From the moment that Francis Asbury's foot touched ground in Philadelphia from England in 1771, the American colonies were never the same -- nor was the Englishman himself.

Sent by John Wesley, Asbury was America's first circuit-rider, covering 5,000 to 6,000 miles a year, spreading the gospel and daring death from Georgia to Quebec. Because of his incessant travels before the advent of photography, Asbury's face became the most recognized on the continent. His face was better known than the faces of such contemporaries as George Washington, Thomas Jefferson, and Benjamin Franklin. He became so well known that he would receive mail from England addressed simply: "Bishop Asbury, America."

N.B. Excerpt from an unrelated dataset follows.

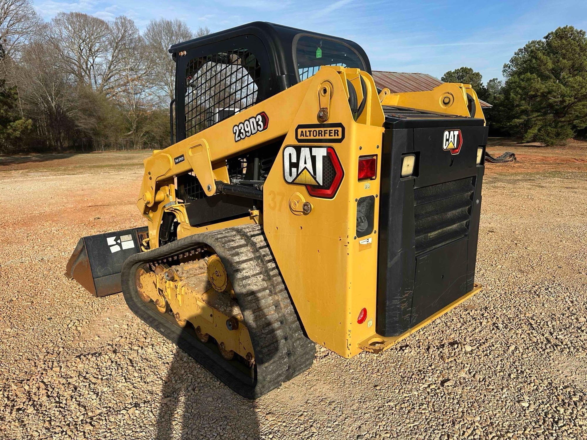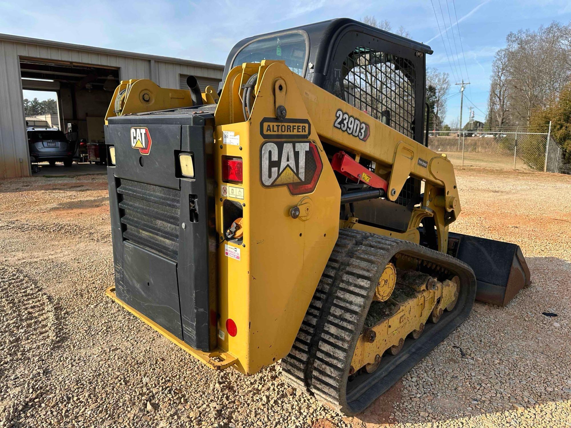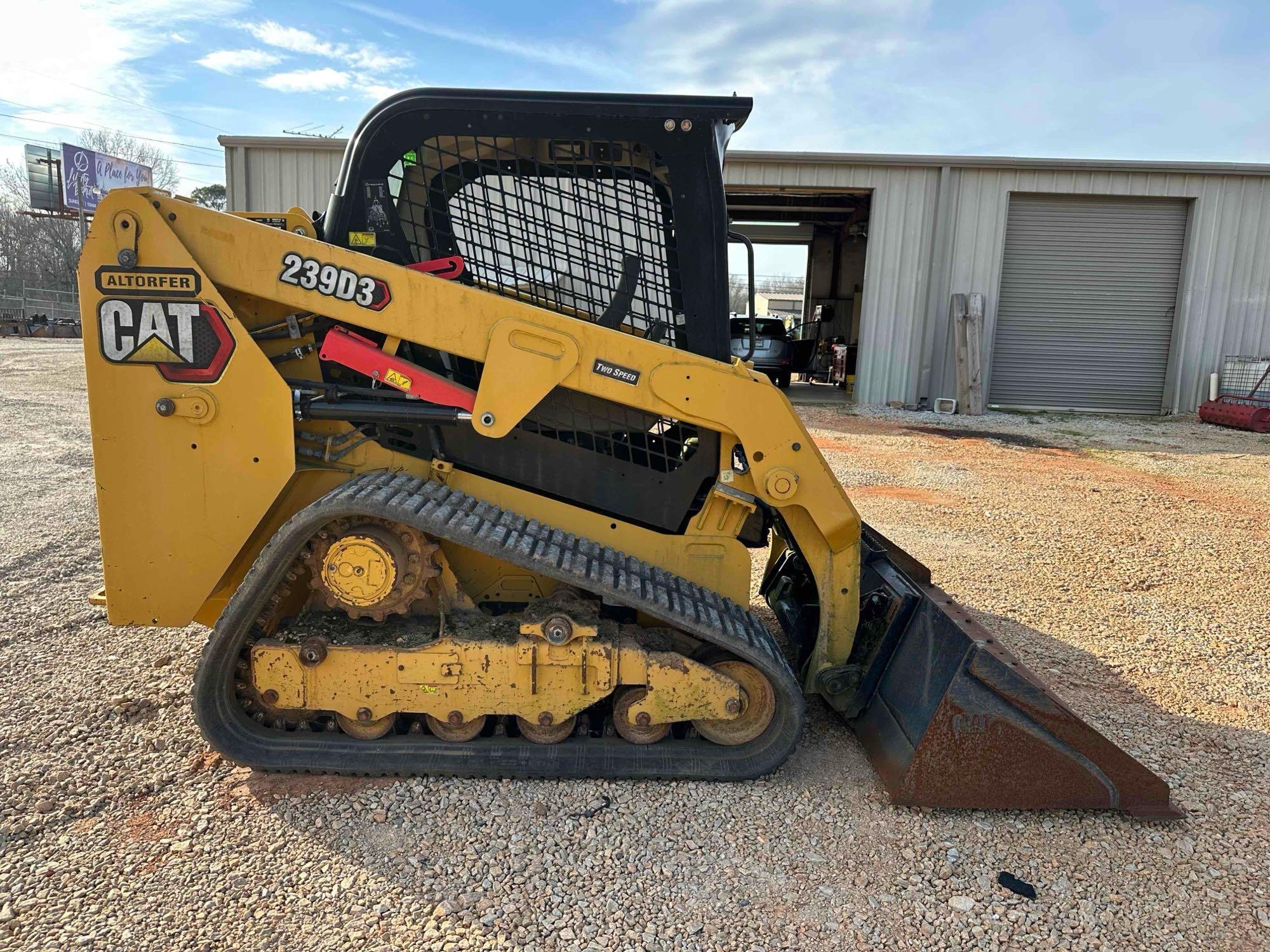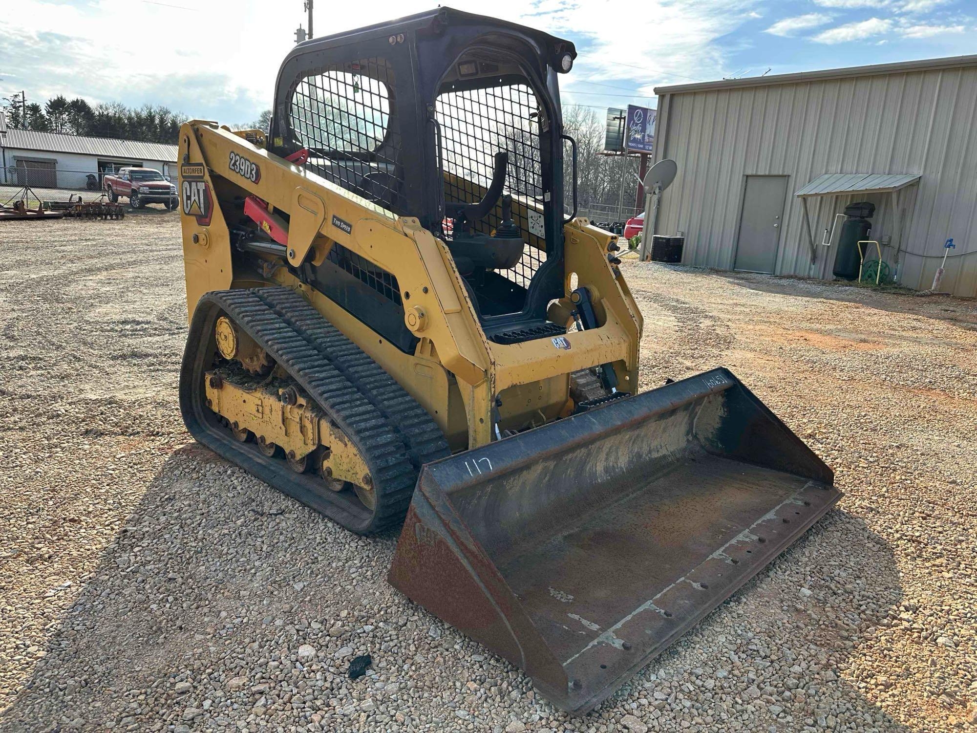 Located offsite in Carnesville, GA - 2020 CAT 239D3 Compact Track Loader - hours 570.2 - 67hp - 7,434 operating weight - 1,530m lift capacity - open station - wide rubber track machine with 80% rubber left - 2 speed transmission - joy stick controls - standard aux. hydraulic - 6ft tooth bucket - runs/operates

Chased by savage Indians, hunted by ravaging wolves, and stalked by highwaymen, on he rode. Fighting pleurisy, arthritis and other ailments that were sometimes so disabling he could neither stand to preach nor kneel to pray. On he rode, preaching against slavery 70 years before the Civil War, and against intemperance 100 years before abolition became an issue. On he rode.

Written by longtime journalist, Mark Alan Leslie, "Midnight Rider for the Morningstar" captures and describes the perils, challenges and dedication that punctuated the life of this man whose powerful preaching attracted thousands at a time, spurring an increase in Methodist Church membership from a mere 600 to 214,000 by the time of his death in 1816. He helped create five colleges and numerous schools.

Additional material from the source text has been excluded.